For example, cpanm Date::Parse

To install and set up ESXi utility

1. The ESXi Support utility is installed as a part of Symantec Critical System Protection 5.2.9 agent installation on a Linux operating system. The default directory for the ESXi support utility is:

/opt/Symantec/scspagent/IDS/bin/esxi_fim

2. When you install ESXi support utility for the first time, open a terminal window, and run the following command located in the default directory:

rfs_config.sh -setup

3. Specify a directory where you want to store the ESXi host files that are retrieved by the tool, or press Enter to accept the default, which is /fim/scspfim.

4. When prompted for the synchronization interval, type a valid interval between 3 to 60 minutes. It adds a cron job to the root user's crontab to run the RFS utility based on the specified synchronization interval.

Note: If you want to create a synchronization interval of more than 60 minutes, type 60 when you run the setup, and then manually edit the cron-tab entry /etc/crontab file to change the synchronization interval.
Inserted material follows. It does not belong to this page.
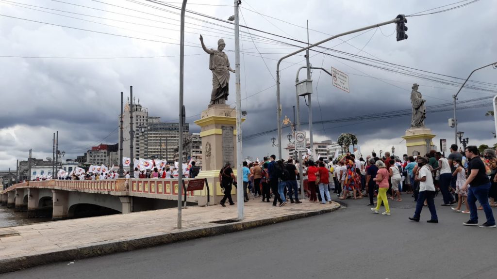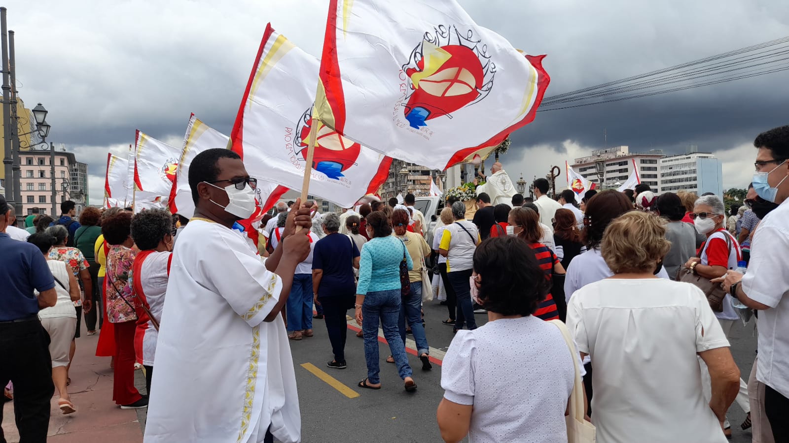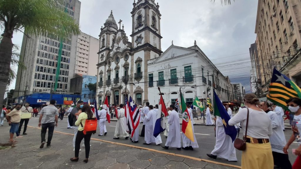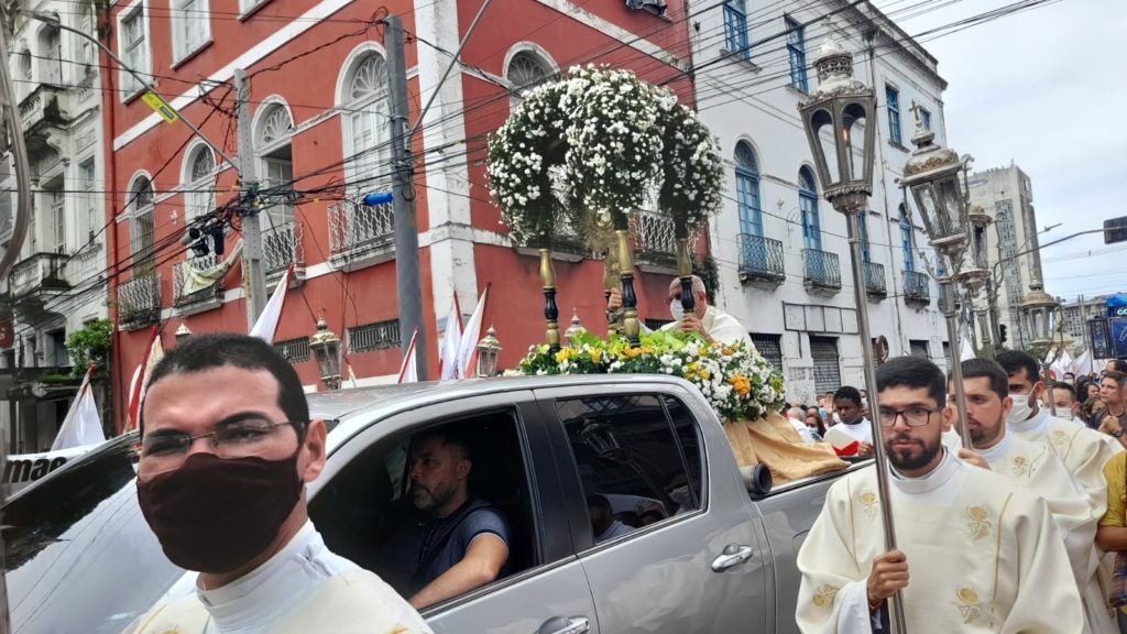 O povo sentiu de verdade o clima de congresso eucarístico. Ali, o corpo de Cristo estava exposto no ostensório que foi usado no 3º Congresso Eucarístico Nacional, que aconteceu em 1939 no Recife. Uma peça histórica para um momento significativo, que reuniu fiéis pelas ruas da cidade em procissão. Sobre um carro, com dom Fernando, o Santíssimo atravessou a ponte Maurício de Nassau, ladeado por bandeiras que acenavam sua passagem, já com a logo do congresso deste ano. O céu ameaçou, mas não houve chuva. À frente do cortejo estavam as bandeiras das unidades federativas, representando a união dos estados brasileiros no propósito da realização do Congresso Eucarístico. Descendo a ponte, a procissão passou em frente à chamada Casa do Pão, um prédio de três pisos que está sendo preparado para ser o marco do 18º CEN e que atenderá a população de rua com alimentação, banho, lavanderia, qualificação profissional, além de acompanhamento jurídico, psicológico e espiritual.

You can also run the setup silently by providing the above information in the following way:

rfs_config.sh -setup -fimpath <path for the root directory> -syncinterval <interval in minutes>

5. The ESXi support utility can now be configured to add, modify, delete, and list ESXi Hosts.

rfs_config.sh -addHost -server=<addr> -username=<user> -password=<passwd>

After you provide all the values, the setup script configures the following settings on the local system:

■ Updates the conf/esxi_fim_host.conf file by setting the ESXi_HOSTS entry to ESXi host name/IP address.

■ Creates a credential store under conf/esxi_fim_hostcred by using a vCLI command. It also populates the store with an entry for the ESXi host and the user account credentials.

■ Creates the CollectorNode_<hostname> directory under /fim/scspfim/ for the Collector Node.

■ Creates a directory named with the IP address of the monitored ESXi host under /fim/scspfim/.

■ If the Syslog mode is on:

■ Adds an entry in the etc/syslog-ng/syslog-ng.conf file to accept the forwarded syslogs from the ESXi host.

■ Configures the remote ESXi host to forward its events to the local collector by using a vCLI command.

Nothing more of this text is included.